Extended Data Fig. 6:. Der p 13-depleted HDM has decreased T_H2 skewing capacity.

(a) Total IgE serum concentrations and numbers of BAL (b) eosinophils and (c) T cells in mice undergoing a full allergen-exposure protocol using HDM that was depleted from the mite FABP Der p 13 using either an isotype control antibody or a group-13 specific antibody. Numbers of (d) mediastinal lymph node IL-13⁺ CD4⁺ T cells and (e) lung ICOS⁺ST2⁺ ILCs. Cytokine production from HDM-restimulated lung cells (*P = 0.024, ). Data represent mean ± SEM of n=2 PBS, n=4 HDM-isotype depleted, n=4 HDM- α-group 13-depleted comparing HDM-isotype to α-group 13-depleted extract group using two-tailed unpaired t-test.

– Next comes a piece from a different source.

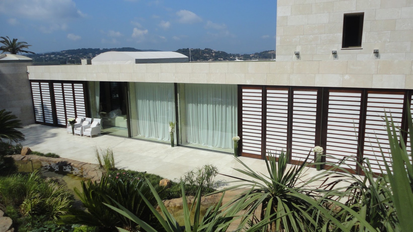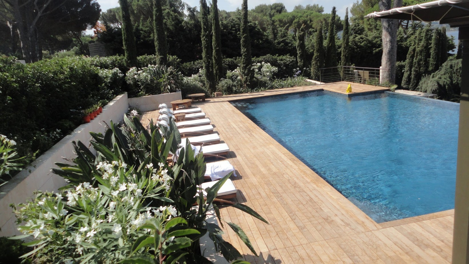 Nous créons également vos aménagements extérieurs : decks de piscine, terrasses, pergolas, meubles extérieurs et pool-houses, conçus pour résister aux conditions du littoral tropézien et s’intégrer harmonieusement à votre propriété.
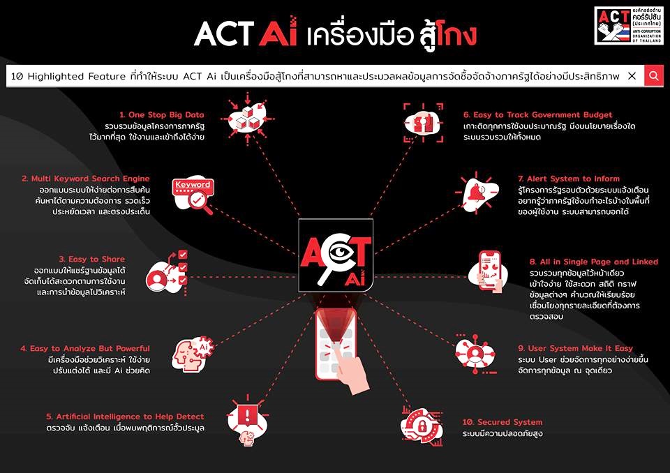 ประธานองค์กรต่อต้านคอร์รัปชันประเทศไทย กล่าวต่อว่า จากปัญหาดังกล่าวจึงได้จัดทำระบบของการตรวจสอบข้อมูลจัดซื้อจัดจ้างภาครัฐ ที่เรียกว่า ACT Ai ขึ้นมา ได้รับความร่วมมือเพื่อเป็นการนำร่องจากหน่วยงานสำคัญของภาครัฐ 3 แห่ง แห่งแรกเป็นระบบการจัดซื้อจัดจ้างของภาครัฐจากกลมบัญชีกลาง ส่วนต่อมาเป็นข้อมูลเกี่ยวกับธุรกิจจากกรมพัฒนาธุรกิจการค้า และสุดท้ายเป็นข้อมูลจากป.ป.ช. (คณะกรรมการป้องกันและปราบปรามการทุจริตแห่งชาติ) และเชื่อว่าในอนาคตจะได้รับความร่วมมือ เรื่องการให้ข้อมูลความโปร่งใสจากหน่วยงานอื่นๆ กว้างมากขึ้น

Extended Data Fig. 7:. HDM-induced IL-33 is dependent on SAA1 dissociation.

(a) mRNA and (b) protein amounts of SAA in response to HDM (100 μg/ml). (c) SAA1 hexamer after rBlo t 13 stimulation was analyzed as described in Fig. 3b. (d) Bar graph represents quantitative analysis of SAA hexamer using LI-COR Image Studio Software. (e) Concentration-dependent IL-33 release from BEAS-2B cells induced by rBlo t 13. Data are shown as means ± SEM and are pooled data from 2 independent experiments (b, e) each containing n=4–5 replicate wells or representative of 2–3 independent experiments (d). SAA1 mRNA expression, normalized to the average of housekeeping genes, is presented as mean value ± SEM (n = 5). Immunoblot is representative of an experimental n=2. Cropped images are shown. P values were calculated with a two-tailed test using Student’s t-test (a), two-way analysis of variance (ANOVA) followed by Dunnet’s correction (b) or one-way ANOVA with Dunett’s post hoc analysis (d, e). ****P ≤ 0.0001.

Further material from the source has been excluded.